**What you should do**: Using the entries that follow, transcribe only the lines from the line with "The morning started" to the line with "Polis menyatakan kemalangan", both included, exactly as they stand and without pictures.

**Records for this task**:
——————

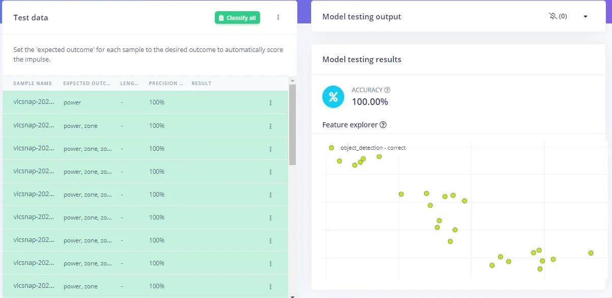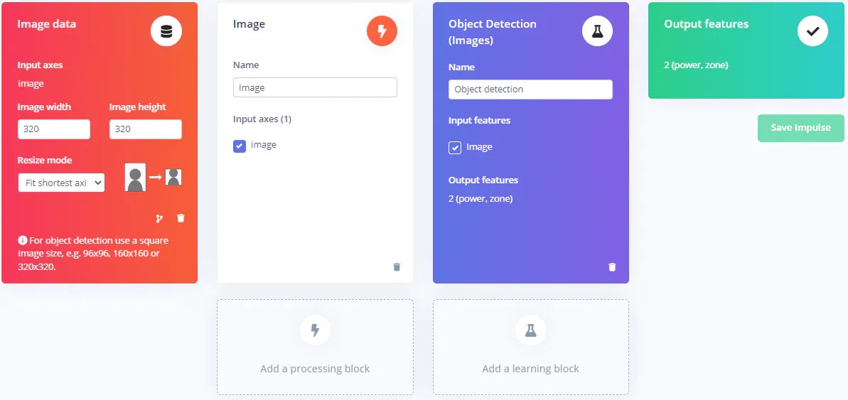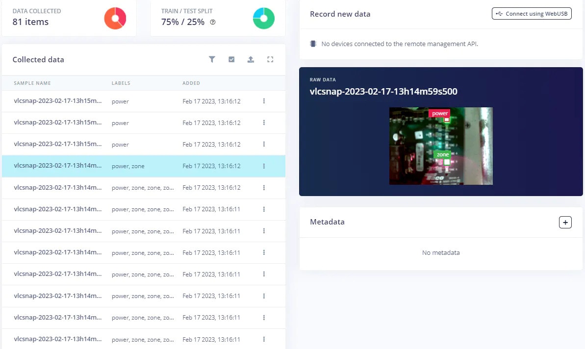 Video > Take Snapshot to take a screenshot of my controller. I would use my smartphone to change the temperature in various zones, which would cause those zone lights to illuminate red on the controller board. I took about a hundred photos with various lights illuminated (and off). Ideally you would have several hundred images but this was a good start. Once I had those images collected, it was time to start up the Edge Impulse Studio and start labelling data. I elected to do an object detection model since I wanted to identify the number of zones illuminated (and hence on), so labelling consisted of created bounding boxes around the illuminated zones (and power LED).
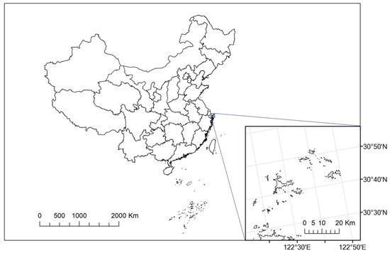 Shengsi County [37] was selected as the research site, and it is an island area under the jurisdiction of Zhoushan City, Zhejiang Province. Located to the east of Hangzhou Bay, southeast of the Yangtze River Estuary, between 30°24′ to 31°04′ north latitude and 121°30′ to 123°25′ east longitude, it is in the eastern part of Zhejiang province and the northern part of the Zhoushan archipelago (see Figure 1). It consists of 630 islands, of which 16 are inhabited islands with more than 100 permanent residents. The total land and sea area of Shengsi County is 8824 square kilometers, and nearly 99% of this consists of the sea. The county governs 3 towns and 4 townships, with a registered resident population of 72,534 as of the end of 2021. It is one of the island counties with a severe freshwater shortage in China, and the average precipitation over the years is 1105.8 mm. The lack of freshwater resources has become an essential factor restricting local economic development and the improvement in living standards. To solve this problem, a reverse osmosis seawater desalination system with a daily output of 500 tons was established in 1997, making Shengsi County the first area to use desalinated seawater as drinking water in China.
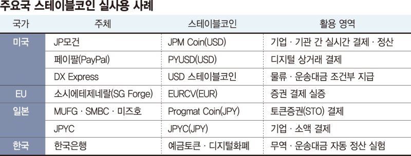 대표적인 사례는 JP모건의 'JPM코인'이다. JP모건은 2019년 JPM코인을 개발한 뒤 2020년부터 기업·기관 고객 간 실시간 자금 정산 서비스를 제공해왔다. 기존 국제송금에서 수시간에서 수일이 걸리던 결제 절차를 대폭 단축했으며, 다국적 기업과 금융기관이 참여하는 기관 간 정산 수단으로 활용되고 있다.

——————

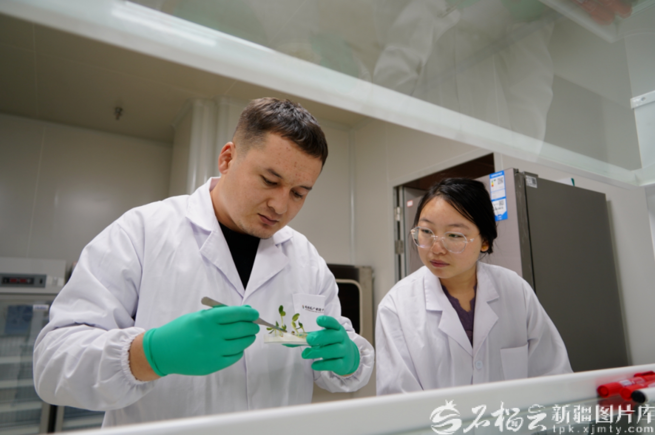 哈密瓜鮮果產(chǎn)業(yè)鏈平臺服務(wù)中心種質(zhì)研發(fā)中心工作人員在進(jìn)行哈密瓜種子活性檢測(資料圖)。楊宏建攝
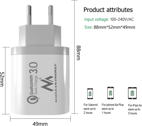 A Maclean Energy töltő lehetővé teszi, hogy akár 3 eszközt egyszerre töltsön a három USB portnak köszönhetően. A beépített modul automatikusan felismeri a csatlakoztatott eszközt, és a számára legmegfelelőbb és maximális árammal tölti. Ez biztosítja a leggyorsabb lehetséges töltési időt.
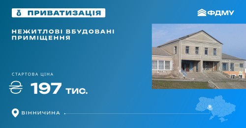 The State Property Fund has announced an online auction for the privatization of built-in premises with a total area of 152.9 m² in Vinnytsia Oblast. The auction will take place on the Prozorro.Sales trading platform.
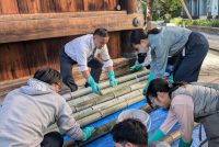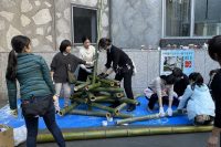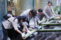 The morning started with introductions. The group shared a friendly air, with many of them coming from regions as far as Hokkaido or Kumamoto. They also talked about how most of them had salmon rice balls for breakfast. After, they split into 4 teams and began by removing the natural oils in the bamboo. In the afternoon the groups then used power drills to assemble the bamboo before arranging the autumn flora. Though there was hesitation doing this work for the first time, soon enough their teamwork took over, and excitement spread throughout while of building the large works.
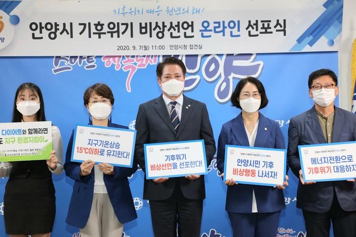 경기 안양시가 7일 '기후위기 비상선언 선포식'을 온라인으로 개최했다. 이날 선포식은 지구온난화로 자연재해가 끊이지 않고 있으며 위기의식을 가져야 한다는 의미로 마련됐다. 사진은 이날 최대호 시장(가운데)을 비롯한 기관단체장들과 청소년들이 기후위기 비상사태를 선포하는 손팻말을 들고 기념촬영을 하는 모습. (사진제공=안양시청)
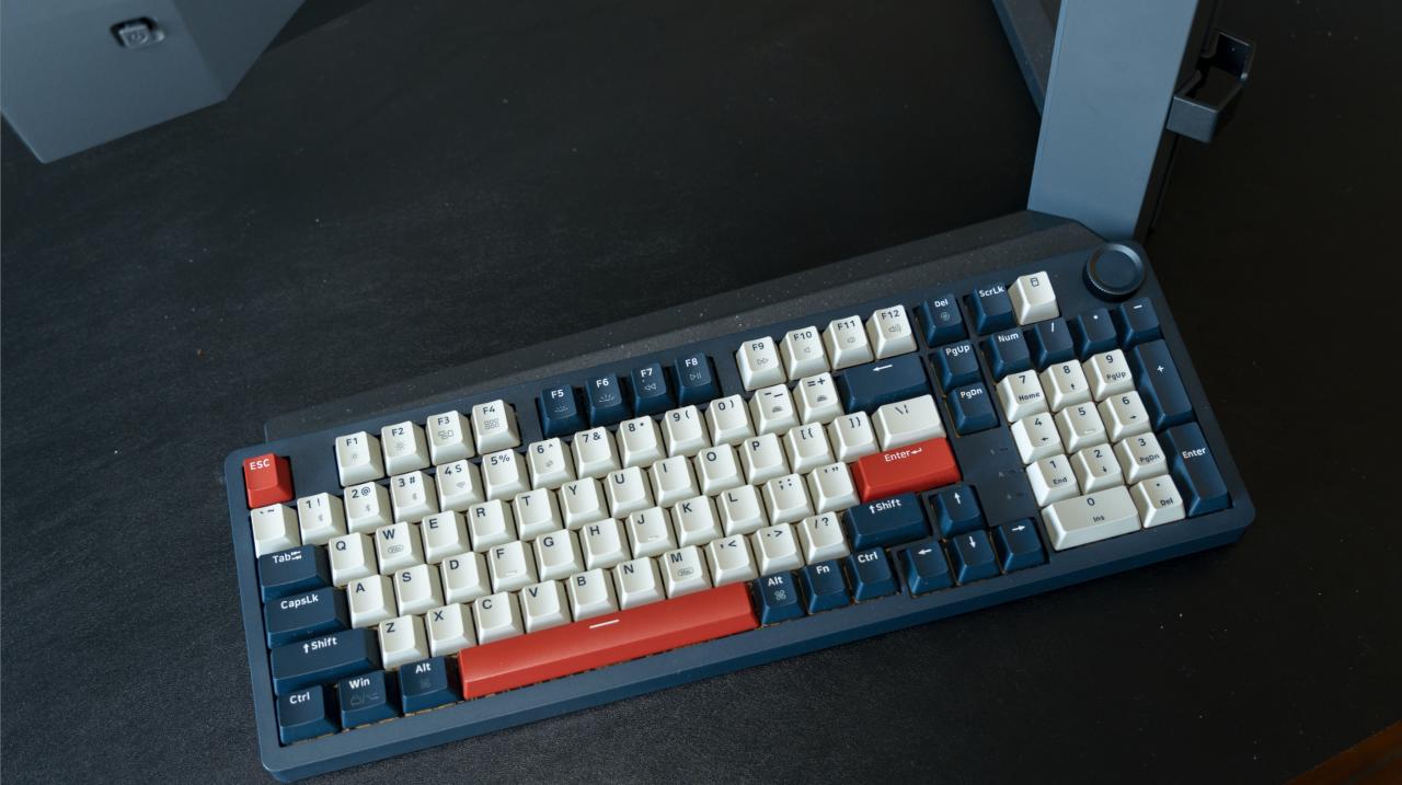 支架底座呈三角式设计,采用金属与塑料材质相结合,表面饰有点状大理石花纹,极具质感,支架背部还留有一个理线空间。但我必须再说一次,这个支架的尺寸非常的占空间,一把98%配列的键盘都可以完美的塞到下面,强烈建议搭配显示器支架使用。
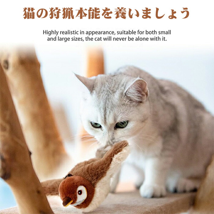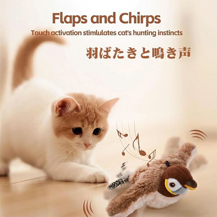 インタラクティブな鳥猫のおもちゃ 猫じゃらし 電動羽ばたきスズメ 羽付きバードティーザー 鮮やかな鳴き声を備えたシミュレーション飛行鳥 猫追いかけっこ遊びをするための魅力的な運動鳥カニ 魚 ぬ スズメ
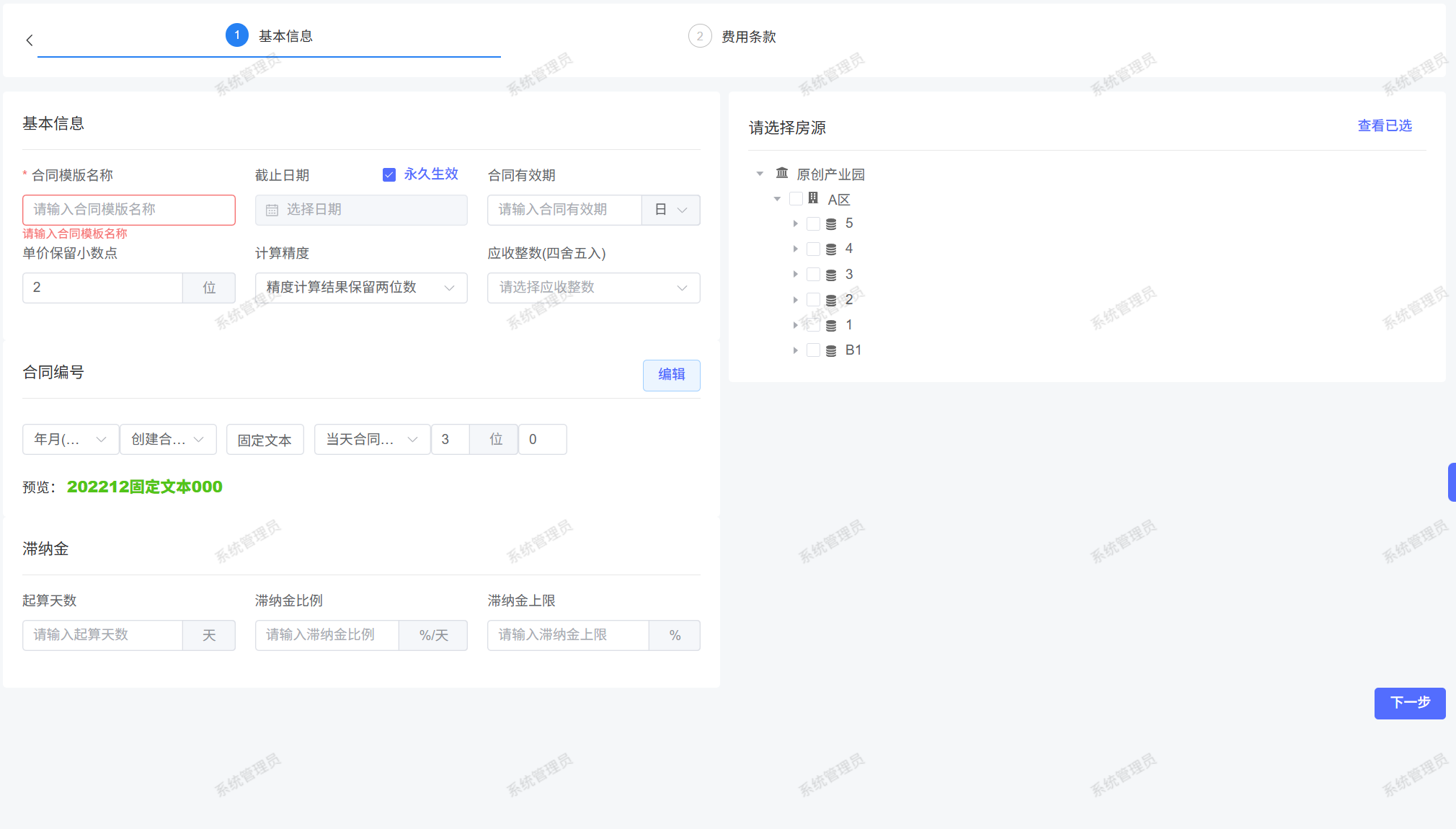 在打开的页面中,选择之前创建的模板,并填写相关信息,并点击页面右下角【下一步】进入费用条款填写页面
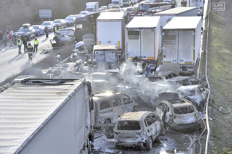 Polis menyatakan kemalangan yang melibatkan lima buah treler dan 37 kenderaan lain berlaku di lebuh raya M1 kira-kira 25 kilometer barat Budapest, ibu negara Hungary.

——————

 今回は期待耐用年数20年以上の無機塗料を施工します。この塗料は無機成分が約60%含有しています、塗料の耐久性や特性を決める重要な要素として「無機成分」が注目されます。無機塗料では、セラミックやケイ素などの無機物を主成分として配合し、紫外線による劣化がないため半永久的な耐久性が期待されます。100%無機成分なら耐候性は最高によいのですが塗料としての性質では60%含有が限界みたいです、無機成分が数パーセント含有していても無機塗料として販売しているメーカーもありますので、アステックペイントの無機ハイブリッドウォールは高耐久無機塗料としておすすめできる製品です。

——————

**Written solution**:
 The morning started with introductions. The group shared a friendly air, with many of them coming from regions as far as Hokkaido or Kumamoto. They also talked about how most of them had salmon rice balls for breakfast. After, they split into 4 teams and began by removing the natural oils in the bamboo. In the afternoon the groups then used power drills to assemble the bamboo before arranging the autumn flora. Though there was hesitation doing this work for the first time, soon enough their teamwork took over, and excitement spread throughout while of building the large works.
 경기 안양시가 7일 '기후위기 비상선언 선포식'을 온라인으로 개최했다. 이날 선포식은 지구온난화로 자연재해가 끊이지 않고 있으며 위기의식을 가져야 한다는 의미로 마련됐다. 사진은 이날 최대호 시장(가운데)을 비롯한 기관단체장들과 청소년들이 기후위기 비상사태를 선포하는 손팻말을 들고 기념촬영을 하는 모습. (사진제공=안양시청)
 支架底座呈三角式设计,采用金属与塑料材质相结合,表面饰有点状大理石花纹,极具质感,支架背部还留有一个理线空间。但我必须再说一次,这个支架的尺寸非常的占空间,一把98%配列的键盘都可以完美的塞到下面,强烈建议搭配显示器支架使用。
 インタラクティブな鳥猫のおもちゃ 猫じゃらし 電動羽ばたきスズメ 羽付きバードティーザー 鮮やかな鳴き声を備えたシミュレーション飛行鳥 猫追いかけっこ遊びをするための魅力的な運動鳥カニ 魚 ぬ スズメ
 在打开的页面中,选择之前创建的模板,并填写相关信息,并点击页面右下角【下一步】进入费用条款填写页面
 Polis menyatakan kemalangan yang melibatkan lima buah treler dan 37 kenderaan lain berlaku di lebuh raya M1 kira-kira 25 kilometer barat Budapest, ibu negara Hungary.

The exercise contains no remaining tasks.